If, like Fred, you have documented heart disease but no symptoms and a good quality of life, I don't think you should have surgery unless it is truly necessary or an emergency.

That said, people—especially women—can be in denial about their symptoms and how they affect quality of life. For example, maybe you've gotten used to breathing very heavily every time you climb the stairs, which shouldn't be the case. That's why I recommend getting an exercise stress test, so that you can get in touch with your body and determine how significant your symptoms really are. 

Which Interventional Option Is Best for You?

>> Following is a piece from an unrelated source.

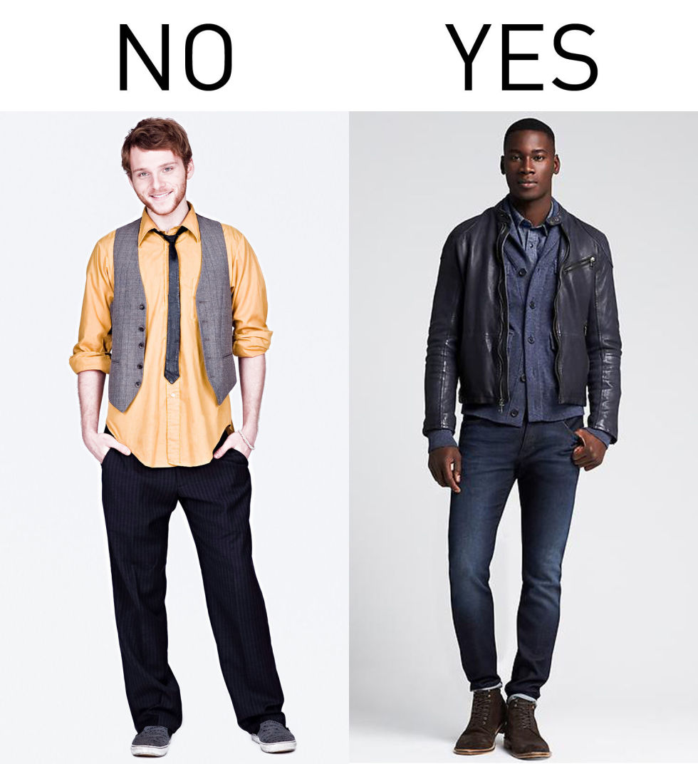 其实男生要穿得有型并不是登天难事,记住一定要保持干净利落,衣服尽量选贴合自己身形的,切忌太过宽松肥大。当然在穿的时候也请不要“太有创意”(如左图所谓的混搭),除非你是搞fashion的设计师或者博主。对于大部分男生还是多翻翻男性时尚杂志,找到适合自己的风格。职场男士可以参考看《智族 GQ》、,走街头新潮路线的则可以看看《Yoho》、《Milk》这类杂志。

Instead, I strongly recommend delaying invasive procedures and open heart surgery until you have an opportunity to heal yourself. By that I mean trying alternative approaches to improving your heart health—whether it's changing your diet, incorporating exercise into your life or taking nutritional supplements. The key is in being open to helping yourself to heal.

Finally, I urge you to have periodic exercise stress tests and be aware of any unusual symptoms you may be experiencing. If the nuclear stress test shows improvement in your blood flow compared to the previous results, then you should continue to put off the decision to have surgery. I can't tell you how many of my patients have healed themselves, and have never had to have an angioplasty procedure.

Whatever option you choose, you must continue on the path to a healthy lifestyle—not only to help prevent coronary heart disease but also to limit its progression. Unfortunately, I have had to recommend second surgical interventions to patients who considered an angioplasty procedure an instant "cure" for their heart disease, only to return to an unhealthy lifestyle.

We physicians do our best to offer options, prescribe medications, and perform cardiac interventions and surgery, but you, and only you, have the power to truly heal yourself and make the most of the "second chance" that heart surgery, including bypass and an angioplasty procedure, gives you.